▶ [Exercise instructions]
Starting with the line with "Chinchilla. Iglesia de la Santa María." in the entries below and going on through the line with "Seit 2010 setzt", output every line exactly and nothing more. No pictures.
►
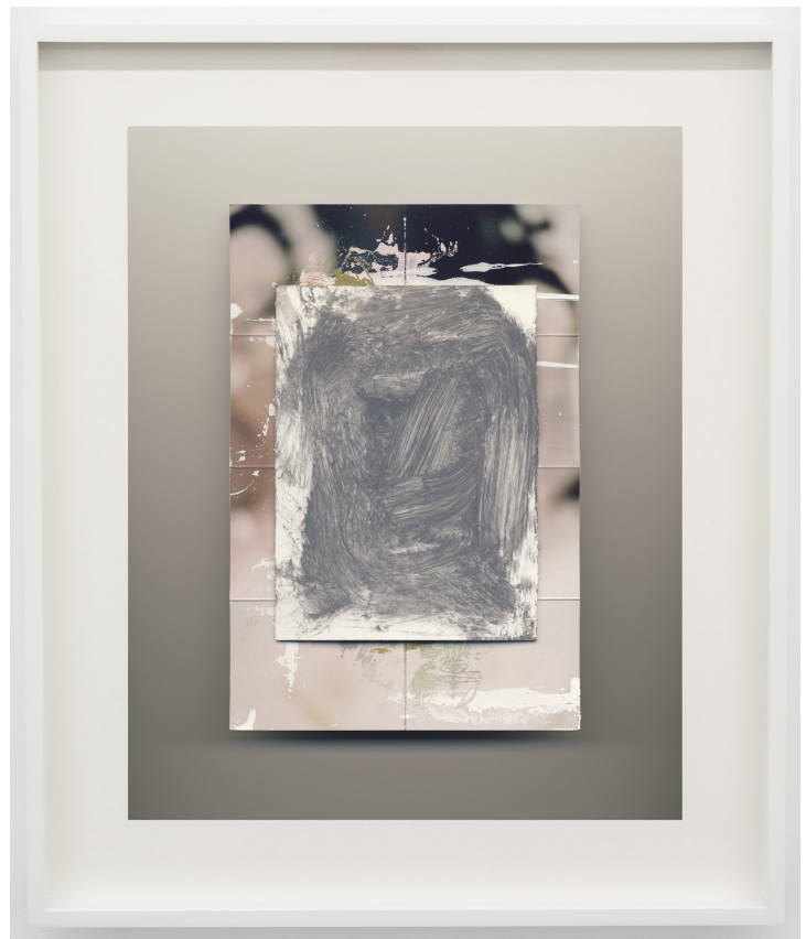
"Flowers", 2016 Photographie couleur, encadrement / Colour photograph, frame 64.1 x 54 cm / 25 1/4 x 21 1/4 inches
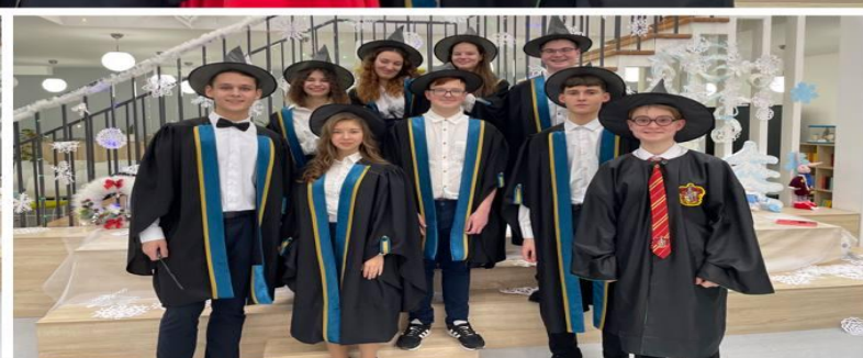
Участие на II гимназическом балу
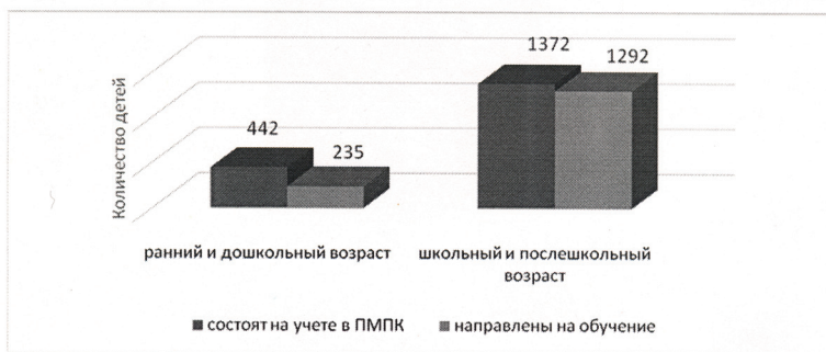
Рисунок 1 – Соотношение количества неслышащих детей, состоящих на учете в ПМПК и направленных на обучение в организации образования
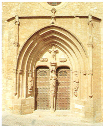
Chinchilla. Iglesia de la Santa María.

del homenaje que volaron los franceses en la Guerra de la Independencia. En ella estuvo cautivo César Borgia, condenado por el asesinato del Duque de Gandía.
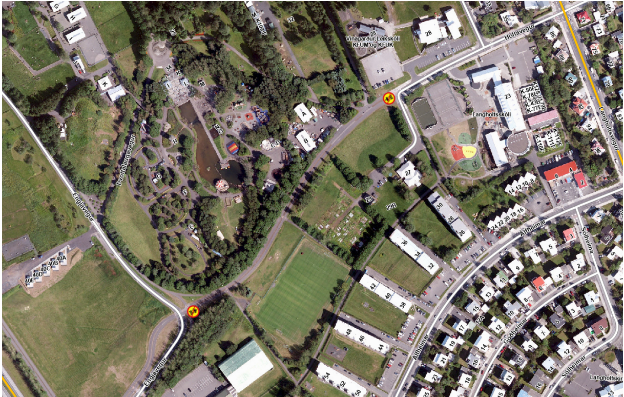
Mynd 1 - Tillaga að merkingu bans við akstri vélknúinna ökutækja á stíg milli Holtavegar og Engjavegar. Á myndina vantar undirmerki við Holtaveg sem heimilar akstur vegna Fjölskyldu- og húsdýragarðsins.
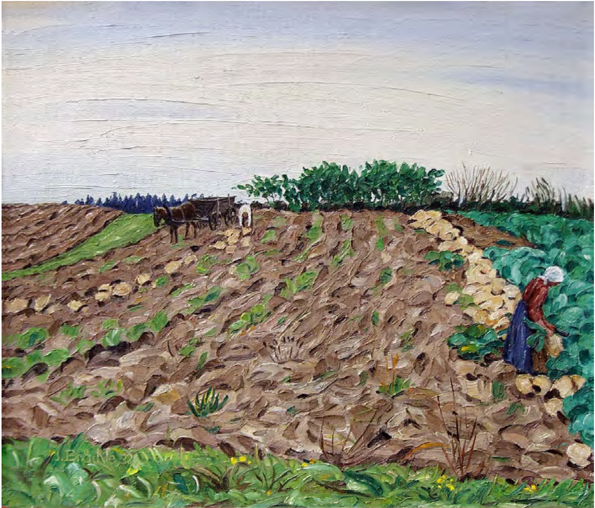
Jakob Bräckle Im Rübenfeld 1932 Oel auf Leinwand 60 x 70 cm Signiert und datiert
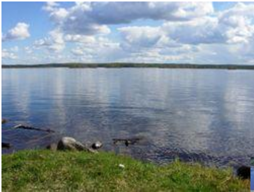
Кемийоки в 30 км от Рованиеми
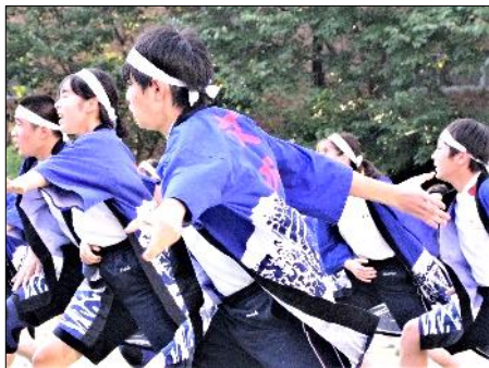
運動会 伝統の「全校ソーラン」
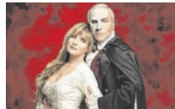
Das Phantom der Oper

Seit 2010 setzt Das Phantom der Oper neue Maßstäbe auf Europas Bühnen und wurde 2023 mit der Goldenen Sonne ausgezeichnet.
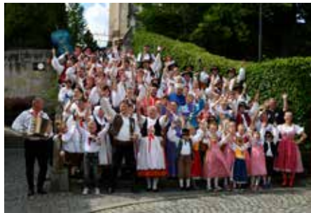
Proběhl 10. ročník Mezinárodního folklorního festivalu Krásná Lípa
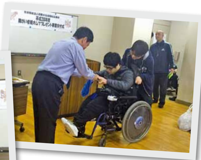
▲紙オムツ券の交付式の様子
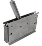
Outils de maintien Roxtec
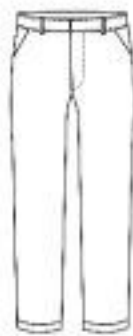
No Pleat with Double Cuff Side Pocket
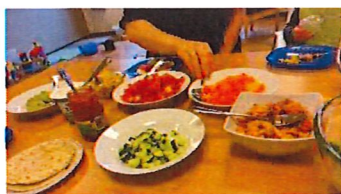
Glimt frå livet i Noa: tacolunsj, maleaktivitet, barnesong i kyrkja og førjulsfest med nissebesøk!

Høgtidene vart markert på ulike måtar, blant anna med påske- og julevandringar i kyrkja. Det er veldig kjekt at dei som kjem i Noa får møte både stab og frivillige i kyrkja!
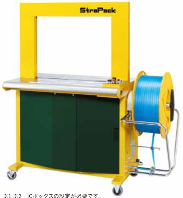
※1 ※2 ICボックスの設定が必要です。
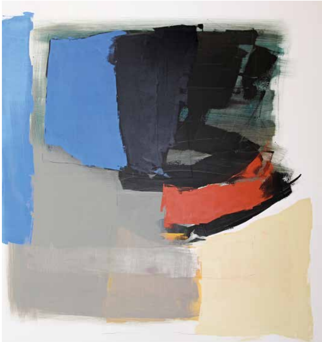
libera scelta 9
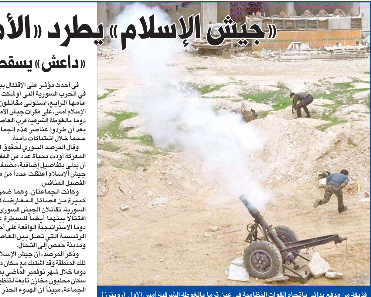
قذيفة من مدفع يدائي باتجاه القوات النظامية في عين ترما بالغوطة الشرقية أمس الأول

وذكر المرصد أن جيش الإسلام أقوى في تلك المنطقة وقد اشتبك مع سكان مسلحين في دوما خلال شهر نوفمبر الماضي بعد أن هاجم سكان محليون مخازن تابعة لتنظيم قريب من الجماعة، مبيئاً أن الهدوء الحذر يسود هذه
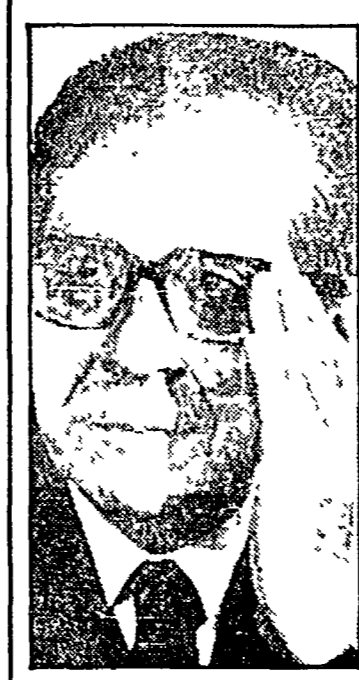
Hernan Siles Zuazo

Una contesa per l'assegnazione di 1200 mitra inviati da Parigi sarebbe all'origine della tensione tra le forze armate
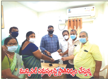
పడిపన్ ఎమ్మెల్యే, యుటియస్ రాష్ట్ర అధ్యక్ష, ప్రధాన కార్యదర్శులు
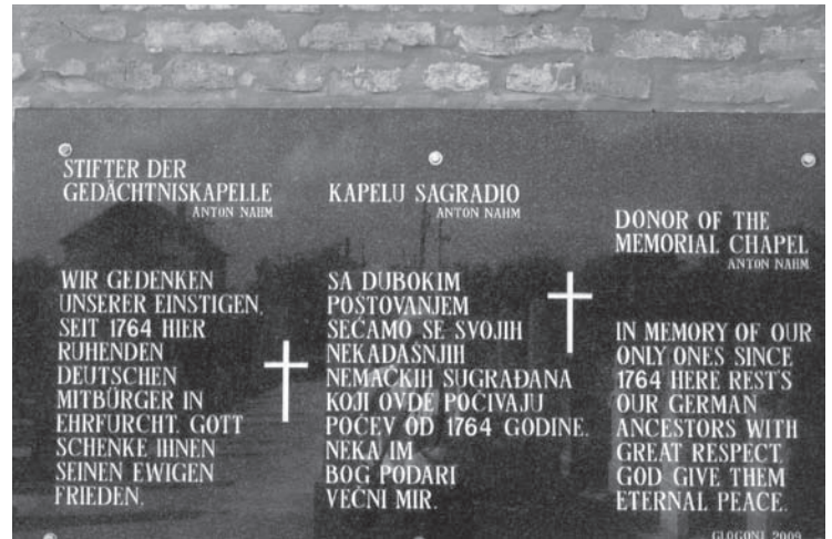
Tafel an der Aussenwand der Kapelle
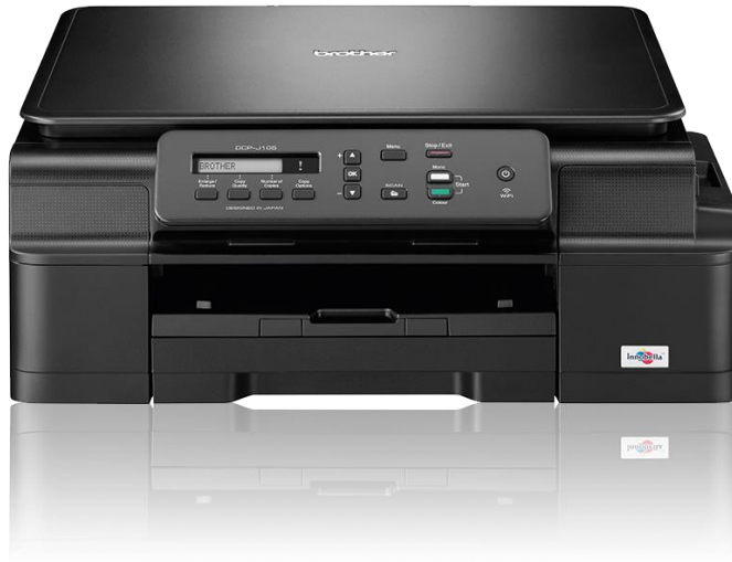
Slika 3 - Tintni pisač Brother DCP-J105 [7]

Slika 3. prikazuje tintni pisač Brother DCP-J105 .
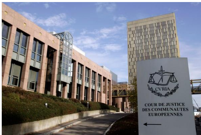
Slika 1. Zgrada Suda pravde Europske unije

Europski sud pravde je institucija koja se najviše razlikuje u odnosu na sve druge institucije, kako po svojoj funkciji, tako i u odnosu prema drugim institucijama Europske unije. Temeljne funkcije Suda pravde su osigurati forum za rješavanje nesporazuma između država članica, osigurati učinkovitu primjenu prava kao i zaštititi prava Europske unije (Bašić, 2015).
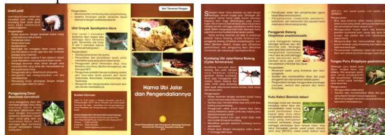
Gambar 3 brosur Hama Ubi Jalar dan Pengendaliannya

Proses eksternalisasi melalui dokumentasi pengetahuan ke dalam brosur, leaflet, dan infografis menunjukkan peran aktif pustakawan dalam mengonversi tacit ke eksplisit. Uniknya, proses ini bersifat partisipatif dan dialogis, tidak semata-mata top-down dari ahli ke masyarakat. Momen ketika petani Desa Benteng membaca brosur dan "merasa pintar" karena menemukan informasi tentang jenis hama ulet yang tidak dijelaskan penyuluh menunjukkan bahwa pengetahuan eksplisit yang telah didokumentasikan dapat memberdayakan petani untuk belajar mandiri. Hal ini memperkuat argumen Nurislaminingsih dkk. (2020) bahwa pustakawan referensi bertugas mengubah informasi menjadi pengetahuan baru bagi pemustaka, yang pada hakikatnya merupakan proses konversi pengetahuan dari bentuk eksplisit (bahan pustaka) menjadi pengetahuan yang dapat diaplikasikan secara praktis. Dokumentasi yang baik juga memungkinkan pengetahuan terdistribusi lebih luas dan bertahan lebih lama dalam ingatan pengguna dan tidak bergantung pada kehadiran fisik ahli atau penyuluh. Berikut adalah contoh brosur yang diambil dari repositori kementerian pertanian, dalam brosur tersebut sudah memuat informasi singkat tentang hama ubi jalar dan cara pengendaliannya yang disusun dalam kombinasi teks singkat, gambar, dan poin-poin penting, brosur tersebut juga mencantumkan sumber informasi yang jelas baik berasal dari jurnal maupun buku.
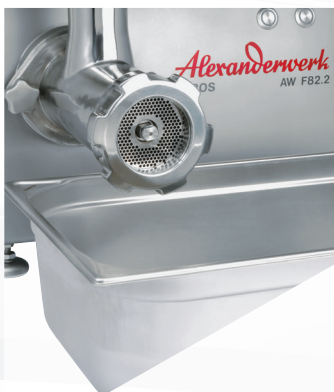
1/1 GN-Behälter unterstellbar
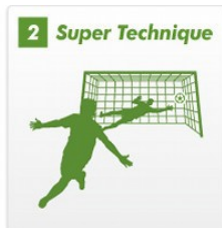
スーパースターたちのテクニックが身につく
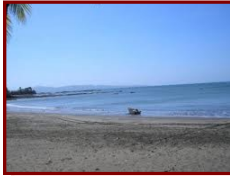
Playa Santa Catalina
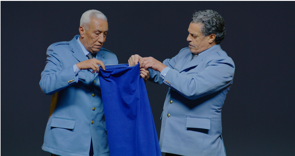
5 ■ Les plieurs , 2021 Co-produit par le CACC – Clamart ©Randa Maroufi
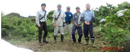
お疲れさまでした（6/18）
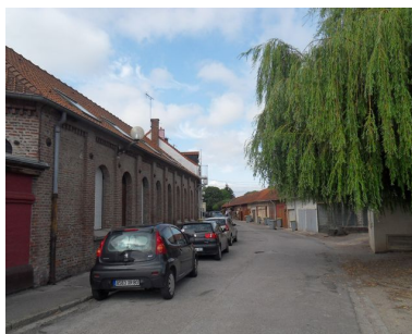
Vue générale. L'ancienne cantine au premier plan.
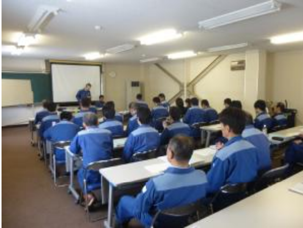
( 教育受講風景 )

運転取扱実施基準に基づく安全輸送教育ならびに、外部講師を招いた接遇等の教育を実施し、安全運転の徹底とお客さまサービスの向上を図っています。 また、安全を含むさまざまな問題解決に取り組むべく、5つのサークルによるQCサークル活動を展開しています。
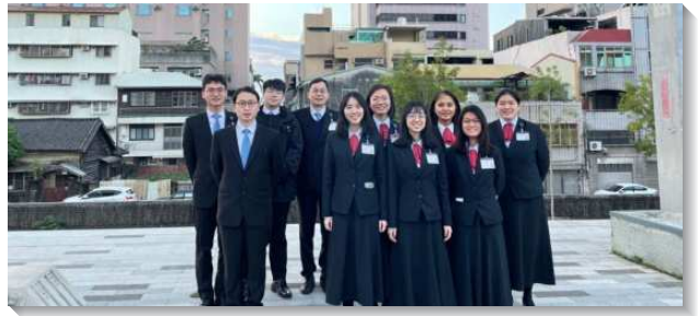
▲訓練學員至台中地區推廣書報

在拜訪會堂的過程中，學員看見自己的裝備不足，但在身體的配搭裏，我們便能一間一間放膽的叩訪，
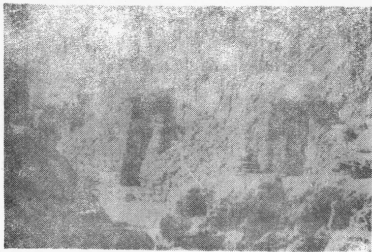
图为府谷县委、县革委领导在榆家坪住过的土窑洞。
◄
▶ [Solution for this problem]
Chinchilla. Iglesia de la Santa María.

del homenaje que volaron los franceses en la Guerra de la Independencia. En ella estuvo cautivo César Borgia, condenado por el asesinato del Duque de Gandía.
Mynd 1 - Tillaga að merkingu bans við akstri vélknúinna ökutækja á stíg milli Holtavegar og Engjavegar. Á myndina vantar undirmerki við Holtaveg sem heimilar akstur vegna Fjölskyldu- og húsdýragarðsins.
Jakob Bräckle Im Rübenfeld 1932 Oel auf Leinwand 60 x 70 cm Signiert und datiert
Кемийоки в 30 км от Рованиеми
運動会 伝統の「全校ソーラン」
Das Phantom der Oper

Seit 2010 setzt Das Phantom der Oper neue Maßstäbe auf Europas Bühnen und wurde 2023 mit der Goldenen Sonne ausgezeichnet.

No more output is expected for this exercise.